**What to produce:** Nothing but the lines from the one containing "ブレスレットでは、ハロの丸い" through the last line of the records below should be copied, exactly and without pictures.
::: Records
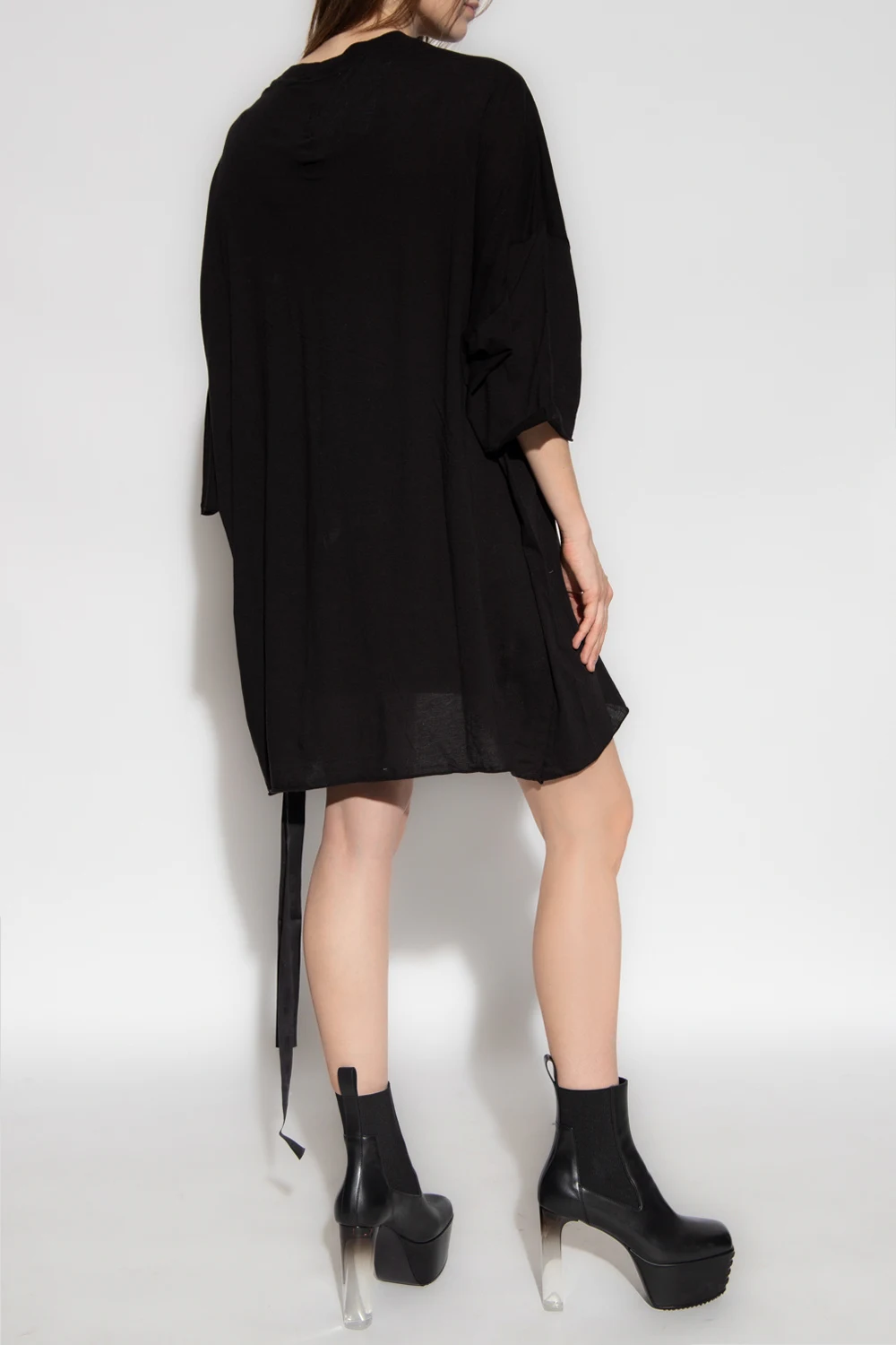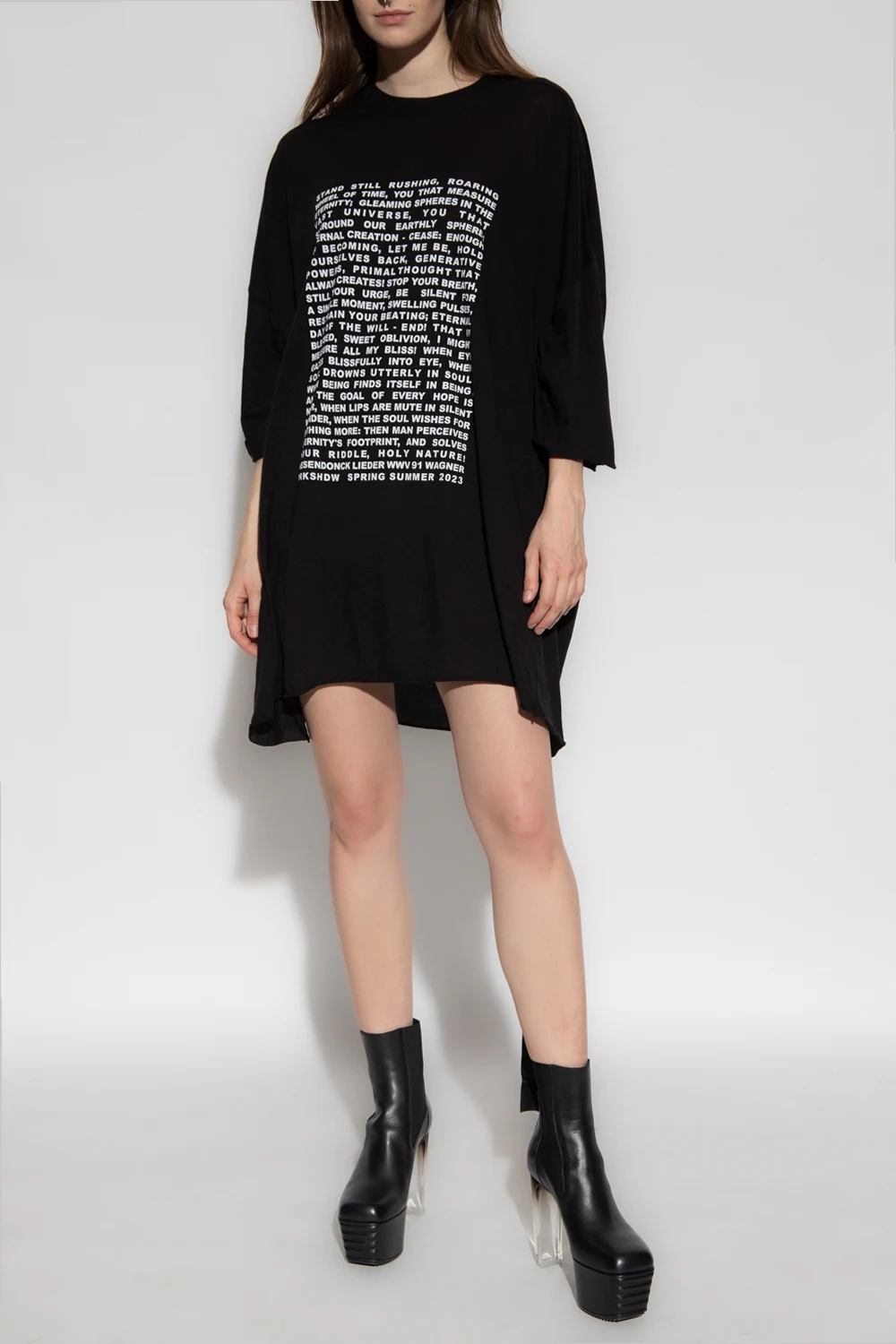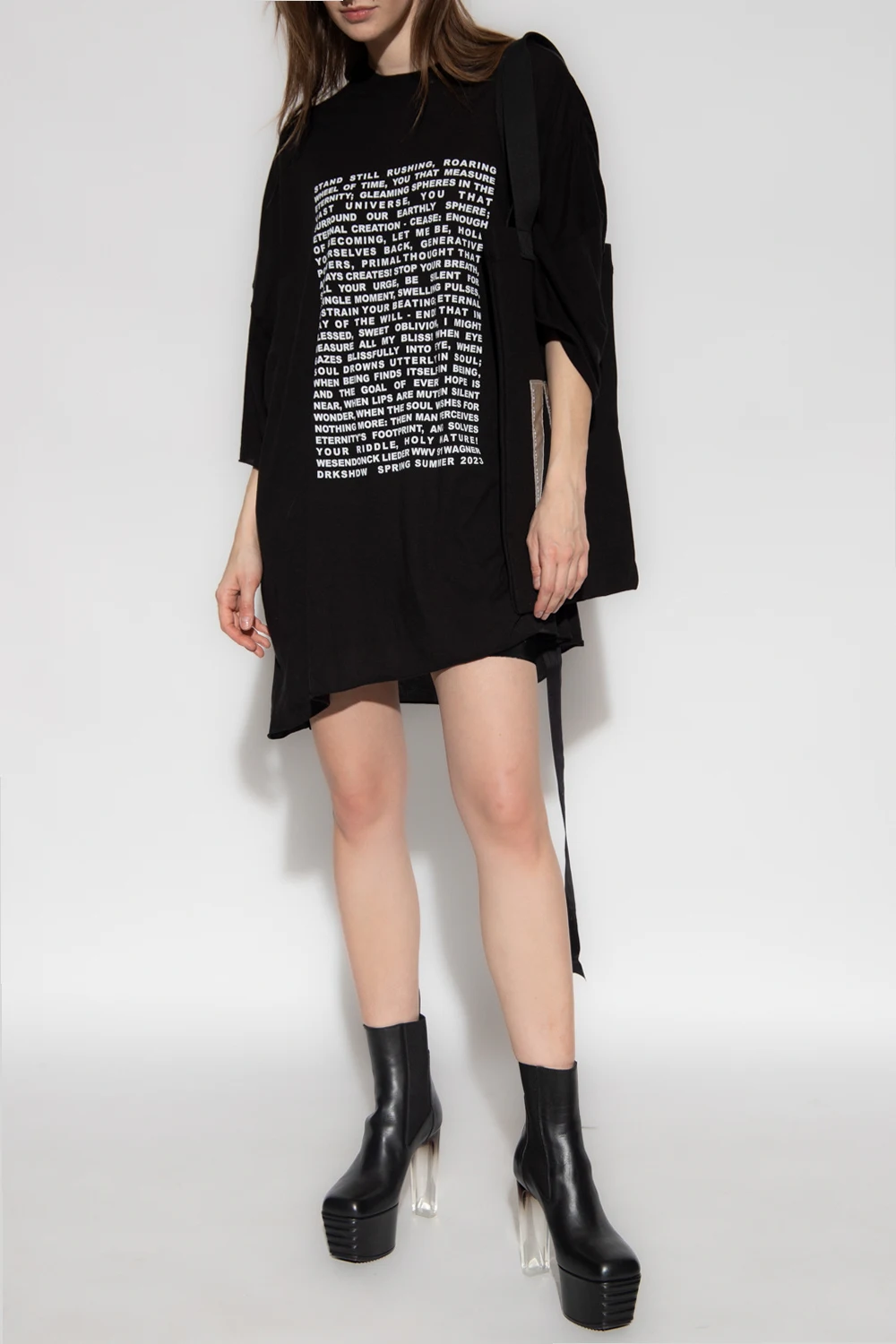 Black crewneck T-shirt from Rick Owens DRKSHDW. Crafted from semi-sheer cotton, this style features a white graphic print on the front, a logo tag on the hem and frayed trims on the short sleeves and bottom.
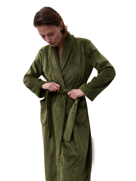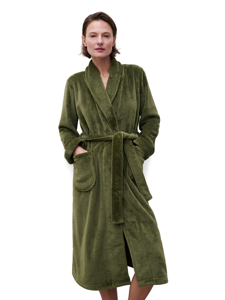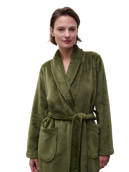 Your must-have for cosy Autumn nights, the Teddy robe in Winter Moss. This super soft robe features a lapel, two pockets and tie waist.
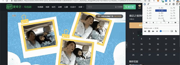 5、打开视频网站,例如爱奇艺,然后单击插件图标,可以看到0.25~16倍速的菜单框
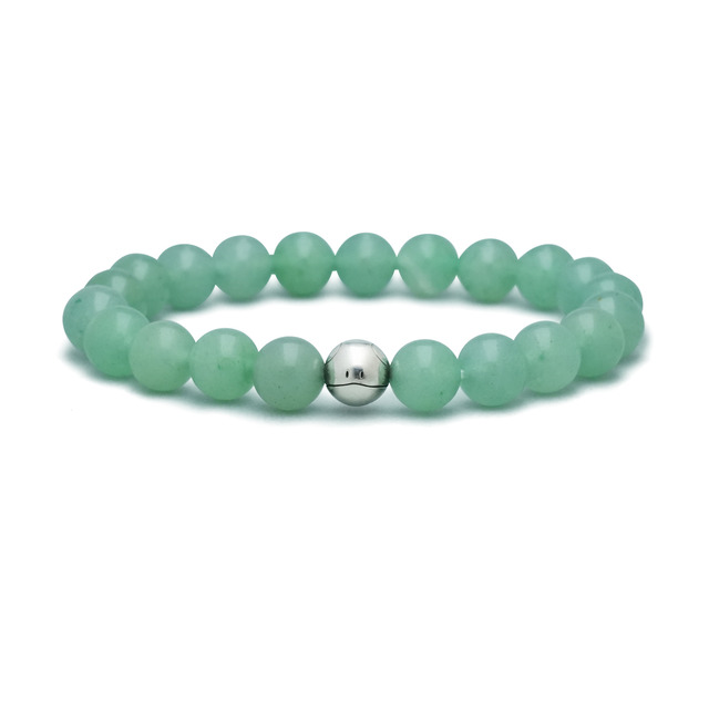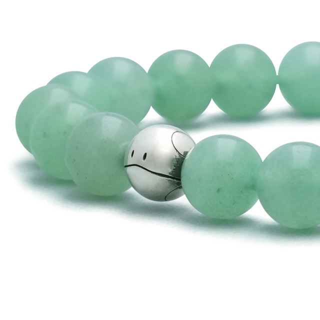 ブレスレットでは、ハロの丸いフォルムを半貴石アベンチュリンのビーズと合わせて表現。天然石ならではのやさしいグリーンの輝きが、ハロの持つ温かみを感じさせる。
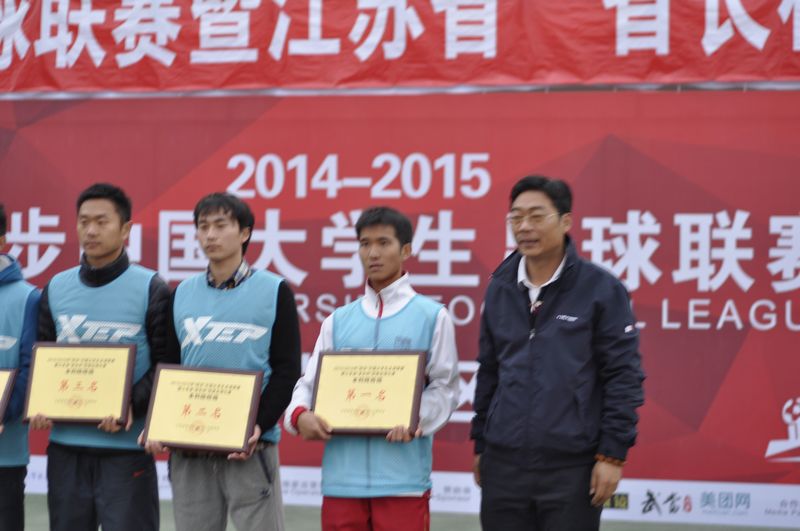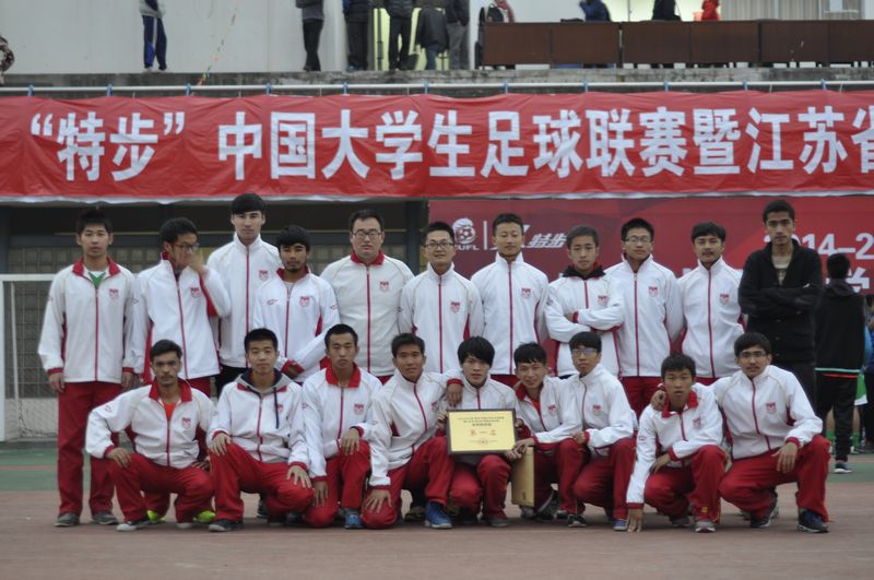 11月18日下午,我校大学生男子足球队在主教练成一祥老师率领下,参加在了江苏省高校“省长杯”足球赛比赛,在决赛中,全体队员敢于拼搏,充分地发挥了团队配合和协作精神,最终获得了江苏省高校“省长杯”足球赛冠军,并第一次代表江苏高校参加全国高校足球联赛,这是创造了我校大学生男子足球队建队以来的最好成绩,让我们向足球队全体队员和教练员表示祝贺!(来自体育部)
::::::
**Response box:**
 ブレスレットでは、ハロの丸いフォルムを半貴石アベンチュリンのビーズと合わせて表現。天然石ならではのやさしいグリーンの輝きが、ハロの持つ温かみを感じさせる。
 11月18日下午,我校大学生男子足球队在主教练成一祥老师率领下,参加在了江苏省高校“省长杯”足球赛比赛,在决赛中,全体队员敢于拼搏,充分地发挥了团队配合和协作精神,最终获得了江苏省高校“省长杯”足球赛冠军,并第一次代表江苏高校参加全国高校足球联赛,这是创造了我校大学生男子足球队建队以来的最好成绩,让我们向足球队全体队员和教练员表示祝贺!(来自体育部)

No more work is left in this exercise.